The C-123 bounced over the ground, picking up speed as it lumbered towards the head of runway two. The patrol truck had parked now and someone in uniform was climbing out of the driver’s door.
The scratchy sound of a voice snapped him to attention. ‘Romeo – niner – eight – one – zero – Quebec,’ it squawked through the static and clattering engine. ‘You are cleared to depart, runway two. Taxi into position and hold. Over.’
Gabriel felt his hands relax on the steering column. He confirmed the order and pulled back on the throttle, easing the aircraft further away from the drama unfolding behind him.
To his left he could see the passenger jet picking up speed down the main runway. He would be next. He’d left the Inspector lying just inside the warehouse with his badge lying open on his chest. That way they’d find him quickly and call the medics. He had no idea how much Ketamine he’d pumped into him. Too much, probably. The last thing he wanted was the Inspector’s death on his conscience.
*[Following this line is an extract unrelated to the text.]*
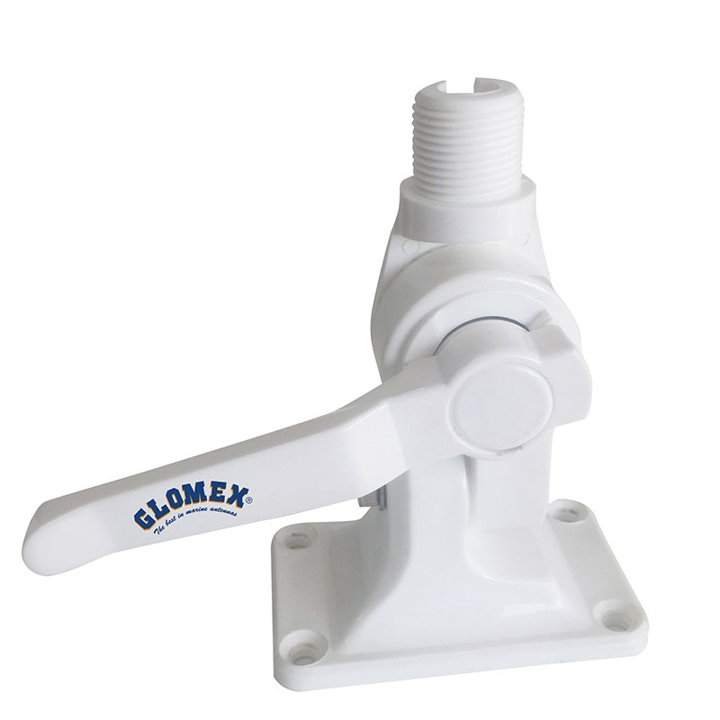 Base a doppio snodo in nylon rinforzato resistente ai raggi UV, con bloccaggio a leva e passaggio cavo e passacavo per accesso sottocoperta incorporato nella base.

The metallic voice crackled loudly in his headset. ‘Romeo – niner – eight – one – zero – Quebec,’ it said, as over to his left the passenger jet lifted off and pulled up its wheels. ‘You are cleared for immediate takeoff. Over.’
‘Roger that,’ Gabriel responded. He released the wheel brakes and pushed the throttle most of the way forward. The sudden thrust pressed him back into his seat until the nose lifted and the wheels let go of the runway with a loud bump. He reached for the landing gear control then decided to leave the wheels down. Now he was airborne he would get to the Citadel well before his mother and the extra drag would reduce his airspeed.
He cleared the perimeter fence and Gabriel dipped the port wing. Over in the distance he saw the Taurus mountains rising up from the plain. Within them he could see a glow bouncing off the underside of the clouds showing him where Ruin was. He continued to climb, describing a wide circle that took him over the mountains until he was approaching the ancient city from the north. He kept the plane steady, fighting the rising winds from the mountain peaks, until they fell away to reveal the shallow bowl containing the ancient city, with the line of the great northern boulevard pointing straight towards a ragged patch of darkness at its centre. He dialled a heading into the autopilot that would take the plane directly over the Citadel and on to the coast beyond. There was fuel for about forty-five minutes of flight time – enough to carry the plane well out to sea before it came down.
He checked his direction one last time then engaged the autopilot, taking his hands off the steering column as ghostly hands took over, adjusting flaps, throttle and rudder to keep the plane on course. He let the autopilot fly the plane for a few minutes, watching the patch of darkness creep closer until it disappeared below the nose of the plane. Finally satisfied that the autopilot was working and the course was steady, he unclipped his seat belt, slid from the pilot’s chair and headed into the hold to prepare.